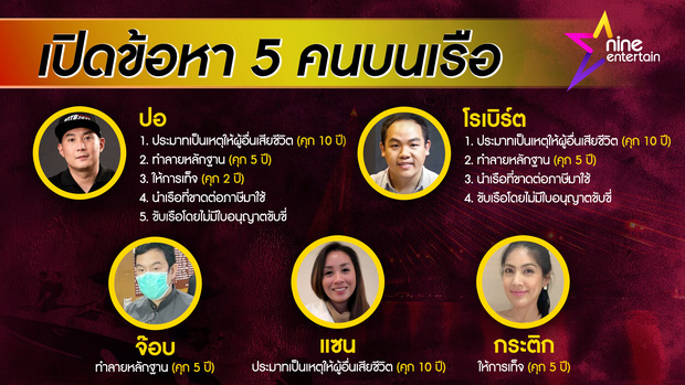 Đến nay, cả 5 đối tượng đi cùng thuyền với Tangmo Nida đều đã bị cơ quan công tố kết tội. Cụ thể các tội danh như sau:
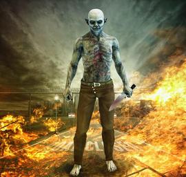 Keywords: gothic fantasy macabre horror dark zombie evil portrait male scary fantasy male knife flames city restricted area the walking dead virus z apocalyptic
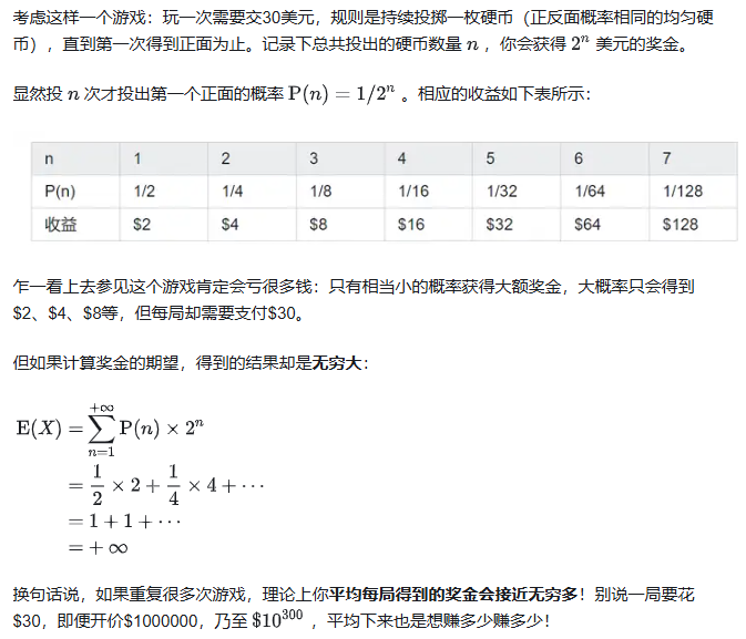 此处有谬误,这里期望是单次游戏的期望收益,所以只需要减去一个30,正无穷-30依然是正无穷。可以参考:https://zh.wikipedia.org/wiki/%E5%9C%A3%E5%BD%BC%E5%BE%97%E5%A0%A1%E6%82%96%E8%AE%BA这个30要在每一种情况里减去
===
Restate the data word for word without pictures.

**Result of this task**
 Đến nay, cả 5 đối tượng đi cùng thuyền với Tangmo Nida đều đã bị cơ quan công tố kết tội. Cụ thể các tội danh như sau:
 Keywords: gothic fantasy macabre horror dark zombie evil portrait male scary fantasy male knife flames city restricted area the walking dead virus z apocalyptic
 此处有谬误,这里期望是单次游戏的期望收益,所以只需要减去一个30,正无穷-30依然是正无穷。可以参考:https://zh.wikipedia.org/wiki/%E5%9C%A3%E5%BD%BC%E5%BE%97%E5%A0%A1%E6%82%96%E8%AE%BA这个30要在每一种情况里减去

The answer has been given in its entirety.